Так я жил, лишенный этой важнейшей части самого себя, которую насмешница природа наделила своей независимой жизнью, так что мне стоило больших усилий казаться живущим.
Я сидел по-турецки на ковре, прислонившись к пологу шатра, мало-помалу светлевшему под лучами разгоравшегося солнца. Я дышал Терезиной. Я видел лишь рыжее облако ее волос, тоже дремавшее; я никогда не считал ее волосы чем-то неодушевленным, это было теплое, живое существо, иногда я подставлял руку и нежно ласкал их — и тогда тысячи рыжих белок разбегались под моими пальцами. Наконец я услышал голое Терезины:
— Ты меня любишь?
Я отдернул руку — этот вопрос она не имела права мне задавать, зная, что я лишь в начале пути, у меня нет ни гения, ни даже таланта и я не смогу найти нужные слова, чтобы объяснить то, что я чувствую, и то, что еще ни один мужчина до меня не мог испытать.
— Иди ко мне…
Я встал и склонился над нею. Меня обдала теплая волна, в которой женское тепло и мечта столь неотделимы друг от друга, что мечта обретает плоть. Моя кровь стучала, как земля под ее каблуками. Тогда меня посетила последняя мысль отрочества: антипод смерти не жизнь, но любовь. Это была мысль подростка, ибо в ней не было ничего нового, и это была последняя мысль отрочества, ибо я продолжал жить, я на самом деле стал мужчиной и был готов создавать, отдавать и терпеть. Я почувствовал едва ощутимое прикосновение ее губ к моим, и этот скользящий поцелуй словно лишил меня тела: те несколько секунд, что он длился, я весь сосредоточился в собственных губах, потом моему телу была резко возвращена его привычная форма, и сделано это было с такой силой, что в ушах моих раздался грохот — не знаю, от копыт ли казачьих коней, скачущих по степи, или от биения моей крови.

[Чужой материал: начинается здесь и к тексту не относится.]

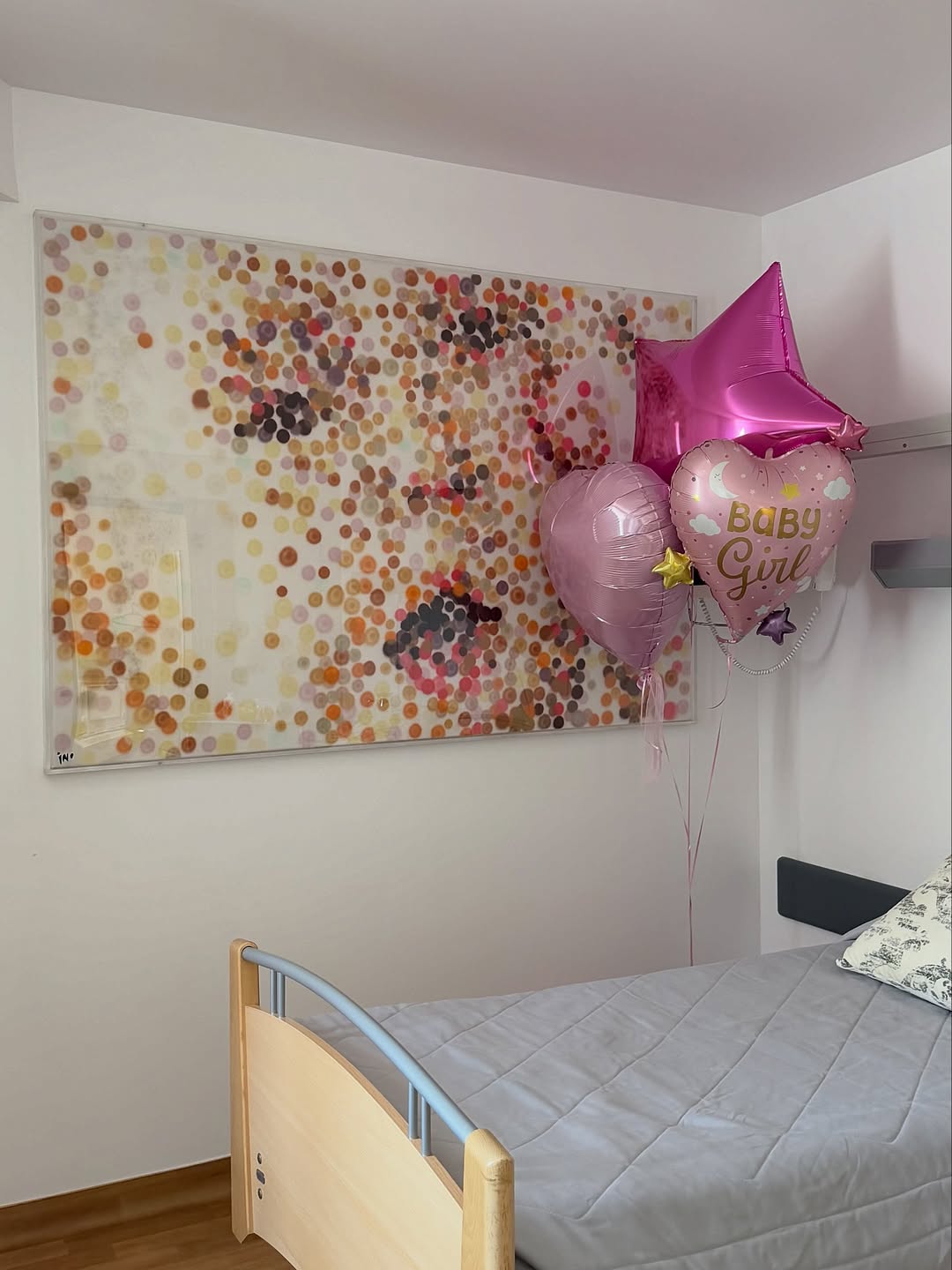 Στις εικόνες που δημοσίευσε, το δωμάτιο στο μαιευτήριο είναι γεμάτο ροζ μπαλόνια και διακοσμητικά, δημιουργώντας ένα σκηνικό γιορτής για τον ερχομό της μικρής Πολυξένης-Αλεξάνδρας. Δίπλα της βρίσκεται και ο σύντροφός της, Παναγιώτης Κουτσουμπής, με τον οποίο μοιράζεται αυτές τις πρώτες, μοναδικές στιγμές ως μαμά και μπαμπάς πλέον.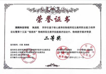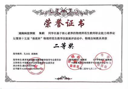 本网讯(通讯员 高海峡)9月6日,我院5名物理学子收到全国第十五届“格致杯”物理师范生教学技能展示与交流活动组委会发来的证书,其中教学展评“二等奖”2项,“三等奖”3项,自制教具“二等奖”1项。
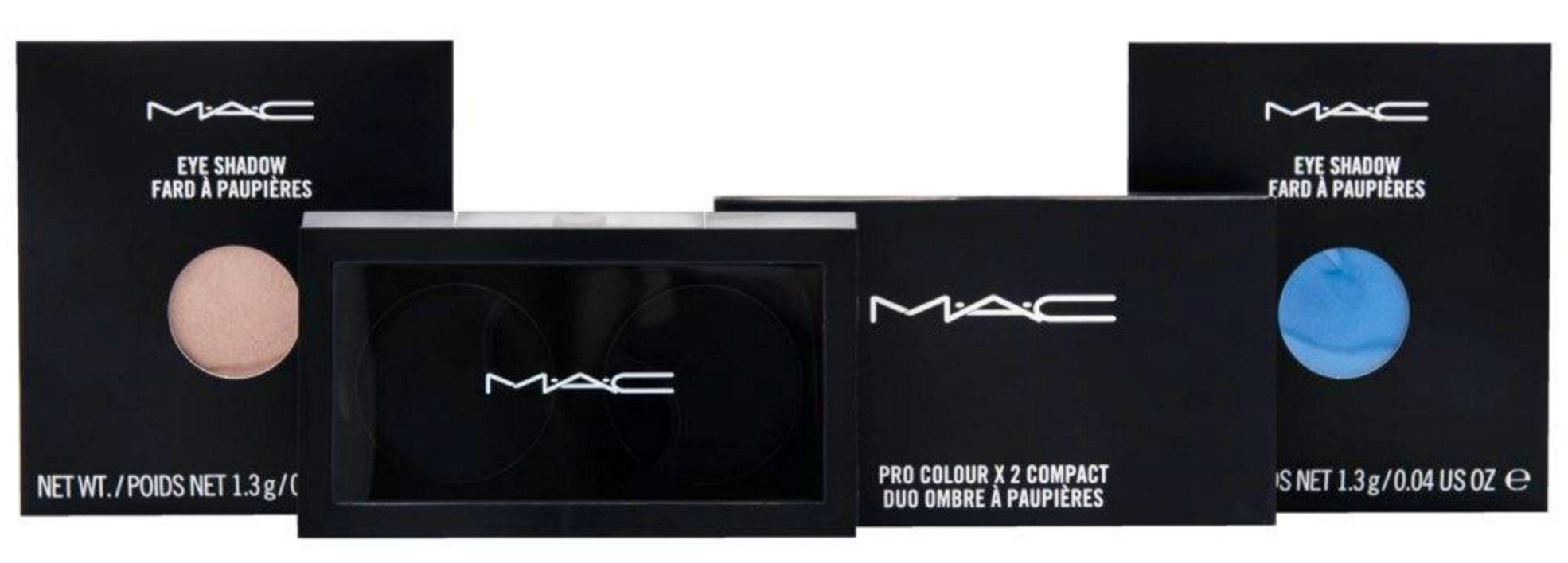 MAC Pro Color Palette Compact & Eyeshadow Refill Pan er et unikt sett som inneholder 2 stk 1,5 g øyenskygger og 1 stk palett med plass til 2 MAC øyenskygger.

— Нет. — Терезина подняла руки и уперлась ими мне в лицо. — Нет, я хочу жить. — Она провела пальцами по моему лицу. — Я хочу жить там, внутри. Я не хочу умирать.
— Терезина…
— Я хочу, чтобы ты продолжал выдумывать меня, воображал, я не хочу исчезнуть. Я хочу жить в твоем воображении всю твою жизнь.
Мои руки в отчаянии продолжали искать ее… Она сжала их своими.
— Фоско, умоляю тебя. Я хочу продолжаться. Мне нужен ты. Мне нужно быть мечтой.
Мне кажется, я не услышал бы ее и переломил бы свою судьбу, не войди в эту минуту отец. Я был одержим таким желанием, таким отчаянием, что мне было совершенно безразлично, что он сделает — ударит меня по лицу хлыстом, который он сжимал в руке, убьет или просто вышвырнет вон, перестав считать меня своим сыном.
Я вскочил, повернулся к нему и глянул на него исподлобья, может быть, даже с вызовом. Накануне он уехал в Симбирск к губернатору, находившемуся при смерти и жестоко страдавшему. Я не знал, что он скакал несколько часов кряду ночью, чтобы поспеть точно к этому моменту. Не думаю, что это было следствием его дара предвидения, что он ревновал ко мне Терезину и не хотел оставить с нею на ночь. Он просто вернулся — вот и все.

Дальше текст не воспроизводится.